### What is required
Among the records that follow, set down only the lines from the one containing "MÉXICO, D.F., 20OCTUBRE2010.- Javier" to the one containing "11.1. U kunt", both included, exactly.
──────
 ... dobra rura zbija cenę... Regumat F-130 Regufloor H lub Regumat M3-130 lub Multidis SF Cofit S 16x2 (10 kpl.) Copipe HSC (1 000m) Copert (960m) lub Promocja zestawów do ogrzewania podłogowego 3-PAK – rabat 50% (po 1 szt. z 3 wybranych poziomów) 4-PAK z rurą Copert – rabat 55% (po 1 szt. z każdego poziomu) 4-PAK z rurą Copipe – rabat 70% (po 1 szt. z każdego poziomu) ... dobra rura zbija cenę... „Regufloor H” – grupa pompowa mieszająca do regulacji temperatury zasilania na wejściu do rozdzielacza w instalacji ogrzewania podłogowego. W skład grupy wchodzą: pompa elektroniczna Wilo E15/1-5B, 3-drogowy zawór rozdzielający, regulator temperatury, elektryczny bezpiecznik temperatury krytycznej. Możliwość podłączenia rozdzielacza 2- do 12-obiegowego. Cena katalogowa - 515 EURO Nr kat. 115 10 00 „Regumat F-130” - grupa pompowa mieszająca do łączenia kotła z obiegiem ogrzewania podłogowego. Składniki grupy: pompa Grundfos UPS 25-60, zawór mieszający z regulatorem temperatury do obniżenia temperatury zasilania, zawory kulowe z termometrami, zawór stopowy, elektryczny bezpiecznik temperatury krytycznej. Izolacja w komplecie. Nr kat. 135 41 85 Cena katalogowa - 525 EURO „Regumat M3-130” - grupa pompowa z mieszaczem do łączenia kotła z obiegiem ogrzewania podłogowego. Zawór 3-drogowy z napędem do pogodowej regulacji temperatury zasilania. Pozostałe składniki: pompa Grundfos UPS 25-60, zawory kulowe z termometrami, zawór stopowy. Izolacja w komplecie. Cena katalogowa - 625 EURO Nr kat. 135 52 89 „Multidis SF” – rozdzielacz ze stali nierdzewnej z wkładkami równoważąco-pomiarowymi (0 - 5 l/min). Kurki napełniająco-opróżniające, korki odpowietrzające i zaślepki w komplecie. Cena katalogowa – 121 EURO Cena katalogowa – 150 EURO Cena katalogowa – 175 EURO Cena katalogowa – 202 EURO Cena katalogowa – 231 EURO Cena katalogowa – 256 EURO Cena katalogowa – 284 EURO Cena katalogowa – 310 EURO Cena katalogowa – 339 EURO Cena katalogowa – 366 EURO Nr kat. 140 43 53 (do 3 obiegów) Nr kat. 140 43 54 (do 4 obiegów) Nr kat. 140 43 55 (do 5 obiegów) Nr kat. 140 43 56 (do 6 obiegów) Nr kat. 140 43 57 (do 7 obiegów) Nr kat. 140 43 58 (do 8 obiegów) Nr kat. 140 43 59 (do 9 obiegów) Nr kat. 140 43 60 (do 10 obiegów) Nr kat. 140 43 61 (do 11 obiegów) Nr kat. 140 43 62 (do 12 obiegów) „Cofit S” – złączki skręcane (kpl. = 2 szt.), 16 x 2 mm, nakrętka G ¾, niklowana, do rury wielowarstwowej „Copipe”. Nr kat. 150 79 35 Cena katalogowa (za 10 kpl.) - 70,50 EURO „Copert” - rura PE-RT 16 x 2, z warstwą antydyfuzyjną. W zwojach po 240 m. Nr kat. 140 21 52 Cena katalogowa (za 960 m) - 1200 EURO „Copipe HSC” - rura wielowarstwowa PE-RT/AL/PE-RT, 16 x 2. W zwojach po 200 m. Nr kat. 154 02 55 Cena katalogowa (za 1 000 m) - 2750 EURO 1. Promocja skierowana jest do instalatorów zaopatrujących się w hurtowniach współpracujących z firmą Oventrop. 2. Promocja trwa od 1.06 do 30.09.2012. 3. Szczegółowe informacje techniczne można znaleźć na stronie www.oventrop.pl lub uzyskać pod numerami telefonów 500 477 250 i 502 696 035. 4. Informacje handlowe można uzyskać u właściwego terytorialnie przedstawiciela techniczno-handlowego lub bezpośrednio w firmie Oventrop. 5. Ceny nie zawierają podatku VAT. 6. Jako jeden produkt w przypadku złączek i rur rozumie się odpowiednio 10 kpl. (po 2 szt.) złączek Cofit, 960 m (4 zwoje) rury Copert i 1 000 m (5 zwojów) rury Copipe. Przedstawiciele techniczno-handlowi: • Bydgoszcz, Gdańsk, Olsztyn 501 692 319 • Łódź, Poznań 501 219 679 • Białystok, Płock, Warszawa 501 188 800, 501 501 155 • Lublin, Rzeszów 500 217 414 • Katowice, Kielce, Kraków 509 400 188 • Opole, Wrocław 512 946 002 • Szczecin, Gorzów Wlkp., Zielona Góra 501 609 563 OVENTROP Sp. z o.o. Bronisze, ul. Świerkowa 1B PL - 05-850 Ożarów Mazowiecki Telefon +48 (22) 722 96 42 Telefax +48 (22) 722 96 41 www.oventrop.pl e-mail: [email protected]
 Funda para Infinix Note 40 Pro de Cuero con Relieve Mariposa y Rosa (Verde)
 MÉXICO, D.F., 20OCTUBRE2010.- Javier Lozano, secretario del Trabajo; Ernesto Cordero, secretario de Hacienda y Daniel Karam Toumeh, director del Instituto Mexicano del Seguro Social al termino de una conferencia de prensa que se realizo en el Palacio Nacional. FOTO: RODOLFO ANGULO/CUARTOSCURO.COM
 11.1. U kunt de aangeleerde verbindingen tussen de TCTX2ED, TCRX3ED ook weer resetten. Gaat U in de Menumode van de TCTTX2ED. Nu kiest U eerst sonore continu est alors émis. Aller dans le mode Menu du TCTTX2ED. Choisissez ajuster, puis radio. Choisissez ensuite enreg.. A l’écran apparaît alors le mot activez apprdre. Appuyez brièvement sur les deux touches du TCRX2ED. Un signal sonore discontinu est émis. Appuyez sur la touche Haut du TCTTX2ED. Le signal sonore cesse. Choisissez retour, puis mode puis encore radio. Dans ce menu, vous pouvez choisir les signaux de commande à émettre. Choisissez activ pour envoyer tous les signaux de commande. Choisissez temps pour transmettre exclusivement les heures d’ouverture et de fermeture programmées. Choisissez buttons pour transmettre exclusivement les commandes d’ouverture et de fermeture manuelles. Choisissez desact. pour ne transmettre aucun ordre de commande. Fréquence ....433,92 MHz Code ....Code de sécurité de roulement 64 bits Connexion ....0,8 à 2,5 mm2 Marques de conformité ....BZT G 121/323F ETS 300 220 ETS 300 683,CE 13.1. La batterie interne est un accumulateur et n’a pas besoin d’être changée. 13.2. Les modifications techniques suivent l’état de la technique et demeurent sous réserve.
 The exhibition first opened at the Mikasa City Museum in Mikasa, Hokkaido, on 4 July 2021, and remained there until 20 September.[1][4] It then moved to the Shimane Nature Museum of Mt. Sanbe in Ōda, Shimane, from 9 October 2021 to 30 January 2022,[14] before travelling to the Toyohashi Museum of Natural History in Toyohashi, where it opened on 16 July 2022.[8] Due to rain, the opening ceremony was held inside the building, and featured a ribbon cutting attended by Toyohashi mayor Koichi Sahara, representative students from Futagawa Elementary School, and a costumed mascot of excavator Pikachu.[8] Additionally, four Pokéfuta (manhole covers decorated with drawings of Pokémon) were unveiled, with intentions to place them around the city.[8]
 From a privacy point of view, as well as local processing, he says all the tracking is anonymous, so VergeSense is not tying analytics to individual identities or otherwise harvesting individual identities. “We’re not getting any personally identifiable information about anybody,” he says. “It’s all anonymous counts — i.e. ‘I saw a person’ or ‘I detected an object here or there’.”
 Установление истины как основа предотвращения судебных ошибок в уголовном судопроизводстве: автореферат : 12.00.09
──────
### Your response
 MÉXICO, D.F., 20OCTUBRE2010.- Javier Lozano, secretario del Trabajo; Ernesto Cordero, secretario de Hacienda y Daniel Karam Toumeh, director del Instituto Mexicano del Seguro Social al termino de una conferencia de prensa que se realizo en el Palacio Nacional. FOTO: RODOLFO ANGULO/CUARTOSCURO.COM
 11.1. U kunt de aangeleerde verbindingen tussen de TCTX2ED, TCRX3ED ook weer resetten. Gaat U in de Menumode van de TCTTX2ED. Nu kiest U eerst sonore continu est alors émis. Aller dans le mode Menu du TCTTX2ED. Choisissez ajuster, puis radio. Choisissez ensuite enreg.. A l’écran apparaît alors le mot activez apprdre. Appuyez brièvement sur les deux touches du TCRX2ED. Un signal sonore discontinu est émis. Appuyez sur la touche Haut du TCTTX2ED. Le signal sonore cesse. Choisissez retour, puis mode puis encore radio. Dans ce menu, vous pouvez choisir les signaux de commande à émettre. Choisissez activ pour envoyer tous les signaux de commande. Choisissez temps pour transmettre exclusivement les heures d’ouverture et de fermeture programmées. Choisissez buttons pour transmettre exclusivement les commandes d’ouverture et de fermeture manuelles. Choisissez desact. pour ne transmettre aucun ordre de commande. Fréquence ....433,92 MHz Code ....Code de sécurité de roulement 64 bits Connexion ....0,8 à 2,5 mm2 Marques de conformité ....BZT G 121/323F ETS 300 220 ETS 300 683,CE 13.1. La batterie interne est un accumulateur et n’a pas besoin d’être changée. 13.2. Les modifications techniques suivent l’état de la technique et demeurent sous réserve.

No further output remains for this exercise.